- Born: 5 August 1958 (age 67) Kanpur, Uttar Pradesh, India
- Known for: Educationist
- Parents: Surendra Singh Kushwaha (father); Chandrawati Kushwaha (mother);
- Relatives: Saket Kushwaha (Brother)
- Website: www.vbspu.ac.in/vice-chancellor/

= Nirmala S Maurya =

Indian academic administrator (born 1958)

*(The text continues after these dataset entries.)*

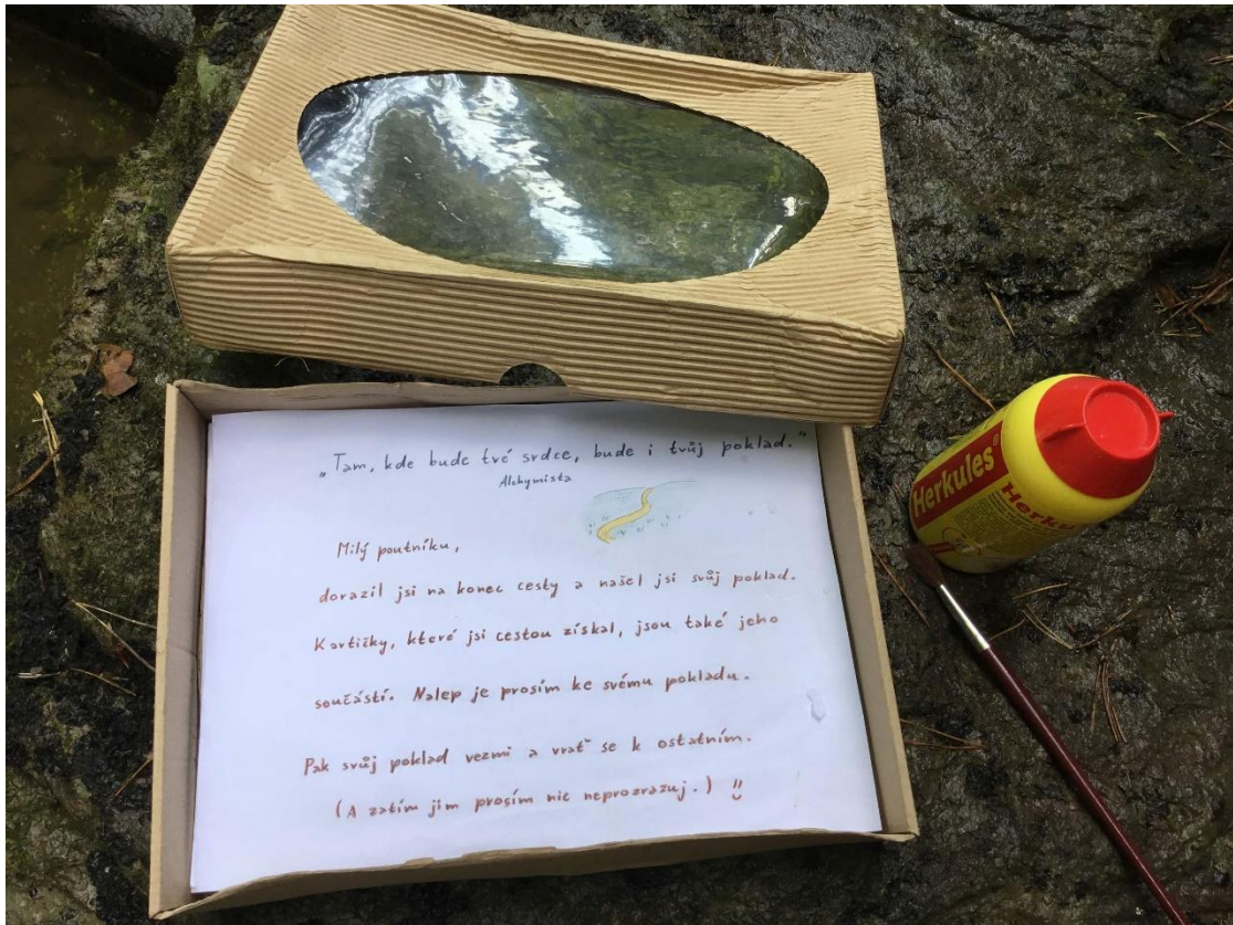
Sedmé zastavení – poklad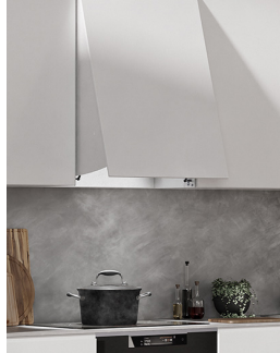
Kåpa - öppet läge

Öppna volymkåpan genom att ta i kåpans underkant eller handtag och dra utåt.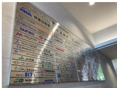
銘板例（琵琶湖博物館）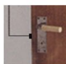
A-mått mäts till C/C (mitten) av låskolven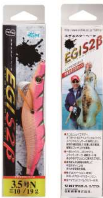
『エギエスツーβ(ベータ)』 (写真 左・表面/右・裏面)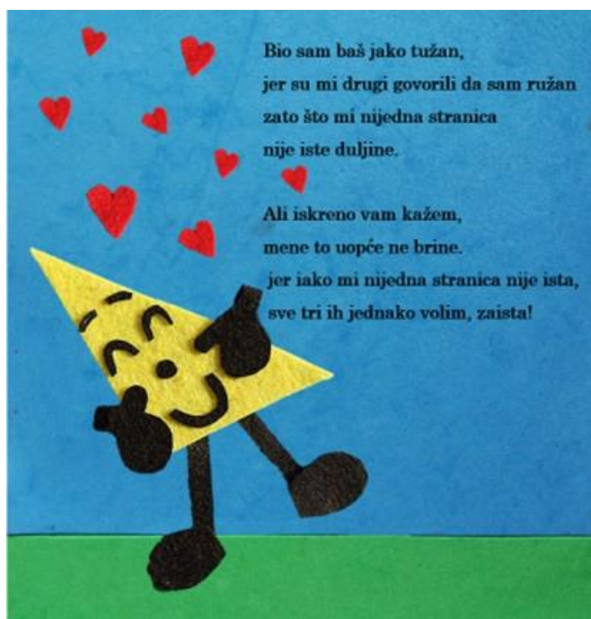
Slika 5. Treća stranica autorske slikovnice „Mali trokut velikih prijatelja“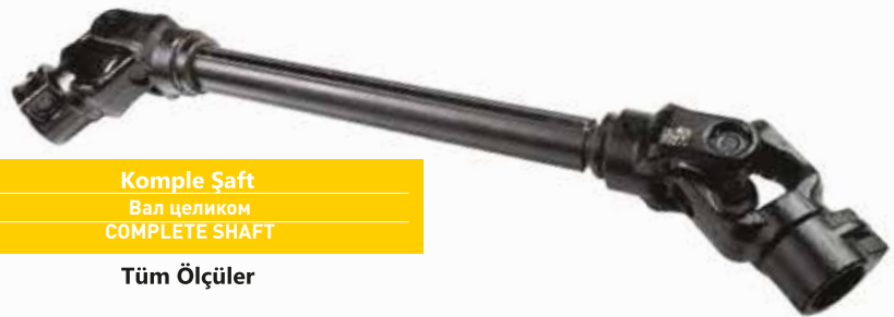
Komple Şaft Вал целиком COMPLETE SHAFT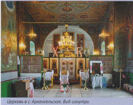
Церковь в с. Архангельское. Вид изнутри

здесь съезжались люди из разных мест, совместными усилиями они пытались создать процветающее общественное хозяйство. Одной из достопримечательностей Коммуны является лиственничная аллея, расположенная на ее центральной улице, по обеим сторонам от которой расположились жилые дома.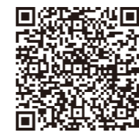
▲血圧計の設置場所(市ホームページ)

は、市ホームページをご覧ください。普段立ち寄るところに血圧計を見かけたら、ぜひ測定してみてください。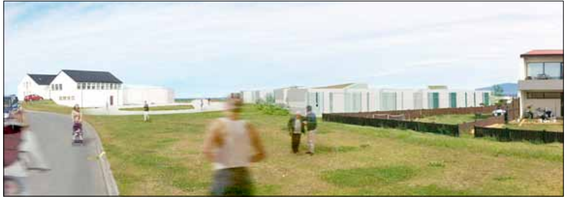
Þannig lítur hugmyndin um hjúkrunarheimili í nágrenni Nesstofu út á tölvumynd.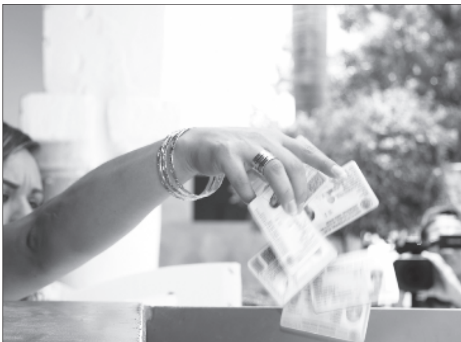
▲ Es importante que los ciudadanos que aún cuenten con una credencial de elector 2023 acudan al módulo más cercano para la renovación de la misma.

El funcionario electoral recordó que para cualquier tipo de trámite es necesario presentar en original tres documentos: acta de nacimiento, comprobante de domicilio y una identificación con fotografía.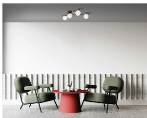
Miloox Kika plafoniera 4 luci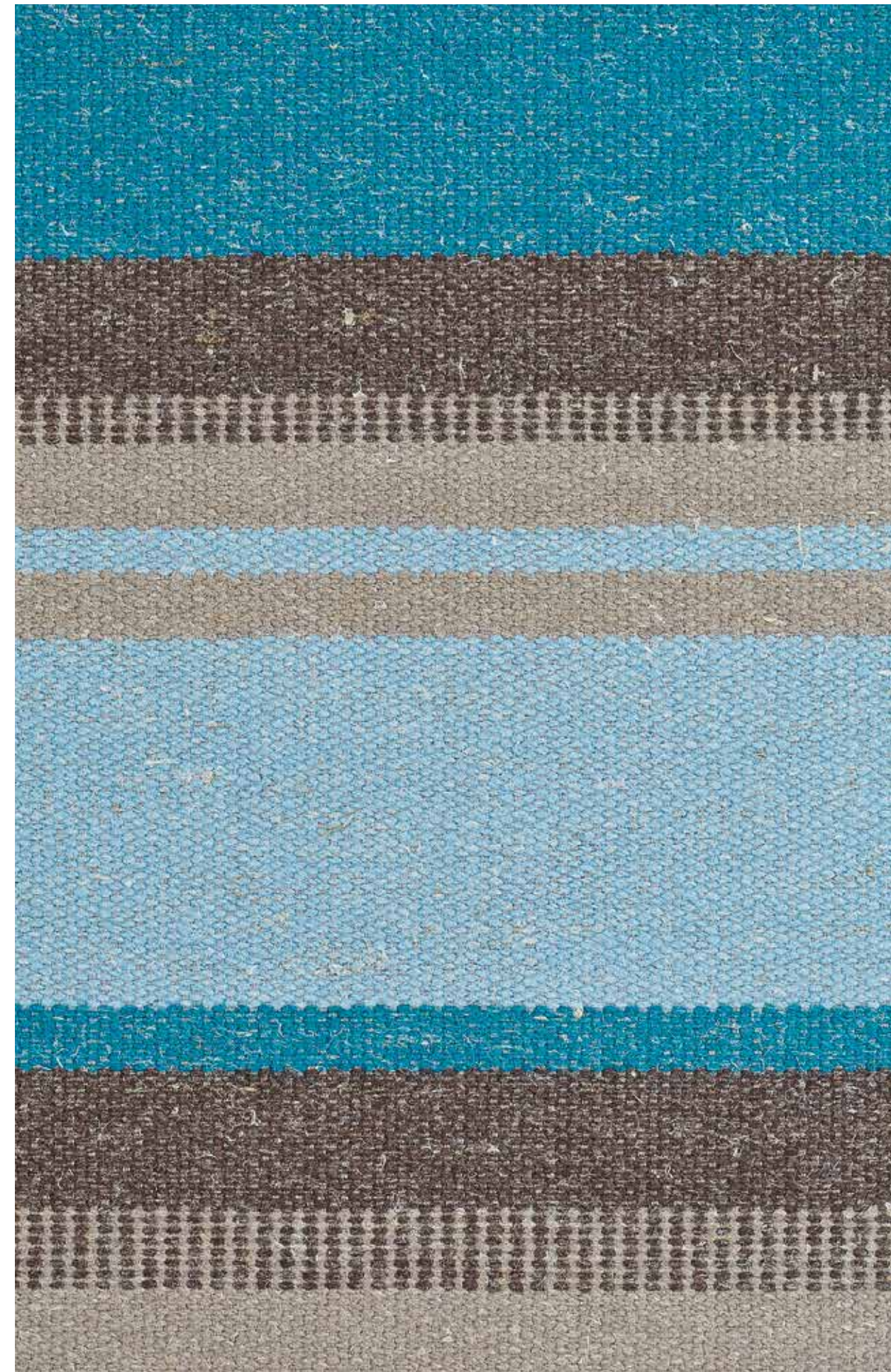
Traveller Drift OWT01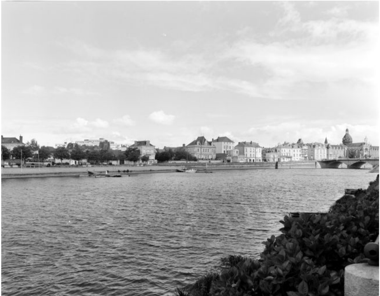
Le port d'amont et le quai Pasteur, sur la rive gauche en amont du vieux pont, vus depuis la rive opposée.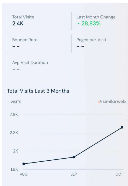
Рис. 3. Динаміка активності сайту за 3 місяці [11]

З аналізу сайту можна зробити висновок, що загальна кількість відвідувачів сайту зростає, а динаміка є позитивною. За останній місяць кількість відвідувань сайту зросла на 28,83%, а це свідчить про те, що на підприємстві вдале інноваційне впровадження та завод має конкурентоспроможність на вітчизняному ринку. Порівнюючи з «Пригощайся», можна зробити висновок, що відвідуваність сайту «Пригощайся» є значно вищою – 63,4 тис., тоді як в «Родини» всього 2,4 тис., проте в останній місяць показники підприємств знаходяться майже на однаковому рівні: 28,64% у «Пригощайся» та 28,83% у «Родини», це вкотре нам показує, що заводи мають позитивну динаміку та впевнено розвивають свої бренди.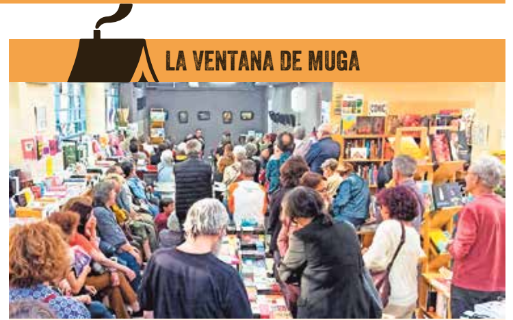
▲ Una de las actividades realizadas en Librería Muga

➤ Vamos a trabajar para consolidar Vallekas Negra, para que, ojalá, algún día sea una cita tan reconocida como la paella republicana o la San Silvestre. Es nuestro compromiso y vamos a lograrlo.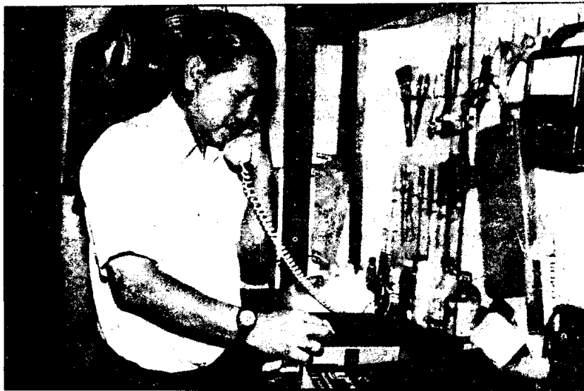
ข่าวประกอบเสียง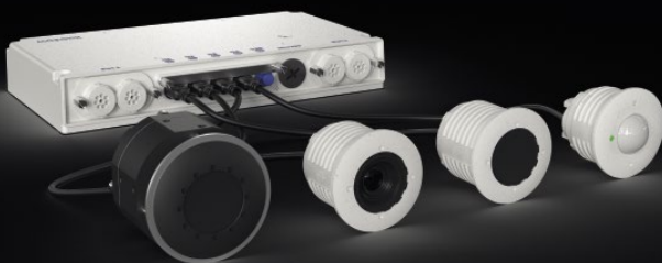
MOBOTIX S74/S74 termográfica Cuatro módulos flexibles en una sola cámara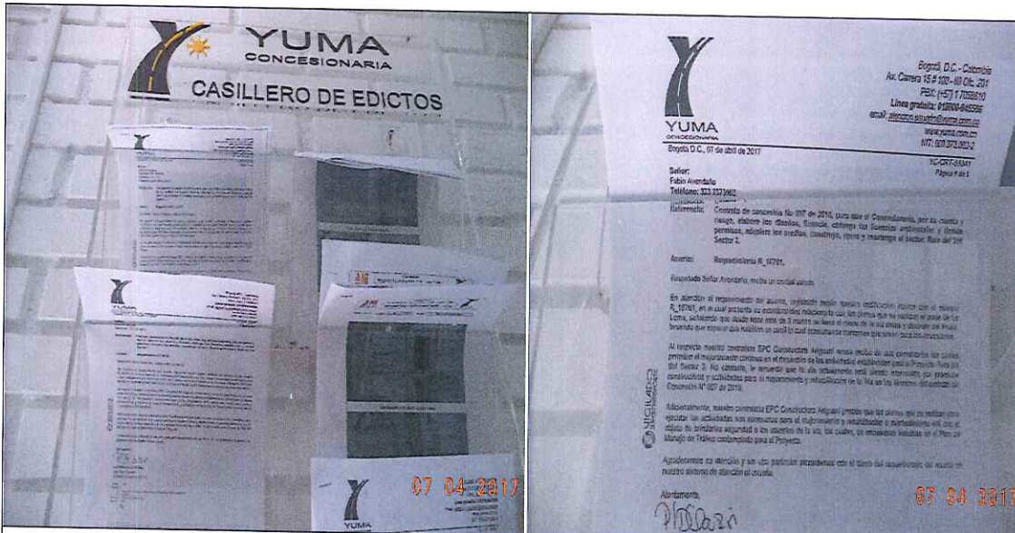
PUBLICACION DE EDICTOS R_16761

Fecha: (d-m-a) 07 04 2017 Lugar Oficina de Atención al Usuario -CCO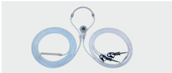
Conjunto de mangueiras de irrigação

031328-10* Conjunto de mangueiras de irrigação , com duas cânulas de punção, utilização única, estéril, embalagem com 10 unidades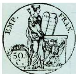
50 centimes sur un doc. de 1811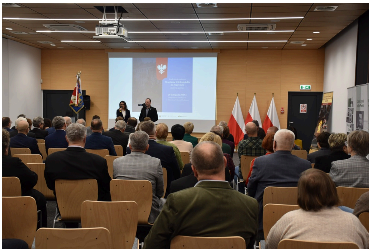
Konferencja naukowa „Powstanie Wielkopolskie na Kujawach. Historia i pamięć”

29 listopada 2023 r., w Delegaturze Instytutu Pamięci Narodowej w Bydgoszczy, odbyła się konferencja naukowa „Powstanie Wielkopolskie na Kujawach. Historia i pamięć”. Wydarzenia organizowane jest z okazji jubileuszu 25-lecia Oddziału Kujawsko-Pomorskiego Towarzystwa Pamięci Powstania Wielkopolskiego 1918-1919.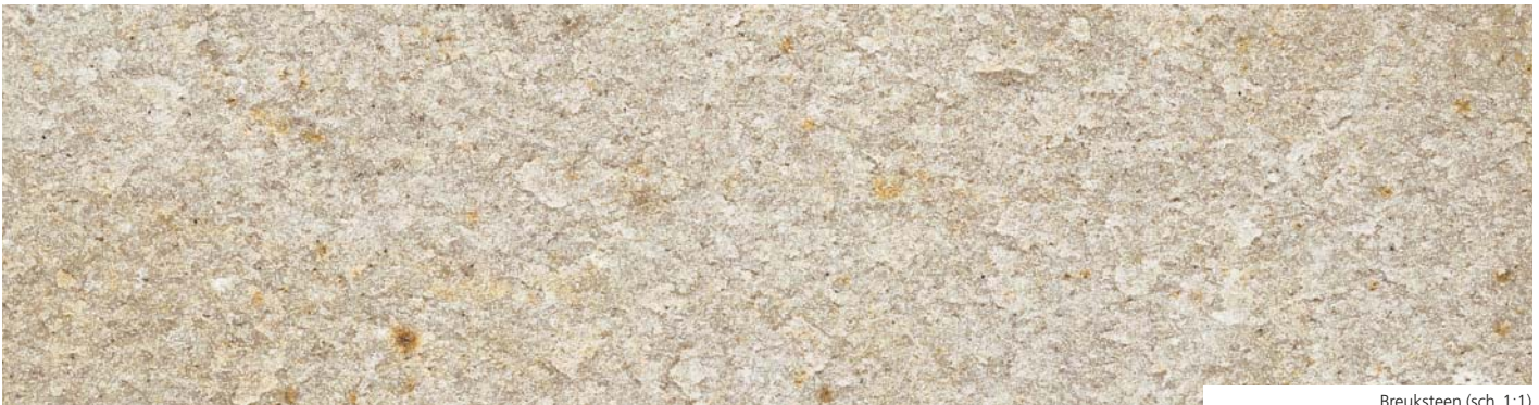
Breuksteen (sch. 1:1)

De zandsteengroeve behoort tot de lange lijst STEENGROEVEN VAN ESNEUX die gedurende eeuwen stenen leverden van een buitengewone mechanische kwaliteit.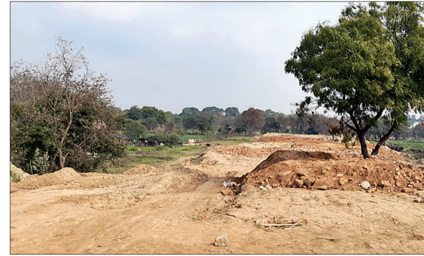
एफएनजी यहां बनेगा नोएडा को जोड़ने के लिए यमुना नदी पर पुल।

साथ नोएडा और गाजियाबाद से फरीदाबाद आने-जाने में समय भी काफी लगता था। इससे लोग बेहद परेशान हैं। इस परियोजना के बाद दूरी मिनटों की रह जाएगी। दोनों ओर के कामकाजी लोगों को आवागमन में आसानी होगी। कारोबारियों ने बताया कि उनके कई उद्योग नोएडा गाजियाबाद में लगे हैं। उन्हें अभी दिल्ली या केजीपी से होकर जाना पड़ता है। सीधी रोड बनने से समय के साथ ईंधन की भी बचत होगी। गांव लालपुर के पास यमुना नदी पर पुल बनाने का काम जल्द शुरू हो सकता है।

Nirmala S Maurya (born 5 August 1958) is the first woman Vice Chancellor of Veer Bahadur Singh Purvanchal University, Jaunpur, Uttar Pradesh who served the office from August 2020 till August 2023. Former Registrar of Higher Education and Research Institute, Dakshina Bharat Hindi Prachar Sabha, Madras.
 Her father, Surendra Singh Kushwaha, was a professor in the physics department of Banaras Hindu University and also served as VC of Ranchi University, Jharkhand and Mahatma Gandhi Kashi Vidyapith, Uttar Pradesh, and her brother Saket Kushwaha served as vice chancellor of Lalit Narayan Mithila University from 2014 to 2017 and also served as vice chancellor of Rajiv Gandhi University from 2018 to 2024.

==Tenure==
During her tenure as Vice Chancellor she organised the world heritage week in the Veer Bahadur Singh Purvanchal University at its Vivekananda Central Library. At this occasion, she also inaugurated a heritage gallery. In her inauguration speech she stated that the purpose of heritage week is to connect the youth with the cultural heritage of the Purvanchal region of Uttar Pradesh and of the country as a whole.

== Awards ==
She was awarded with Mahatma Gandhi International Award in 2020 In 2021, she was chosen for the Premchand International Award, which is provided for outstanding work in the field of literature.

==Criticism==
She was criticised by former
Vice Chancellor of University, Raja Ram Yadav of not undertaking any significant work in the university. Yadav accused her of inlaying stones in name of infrastructure development in the university.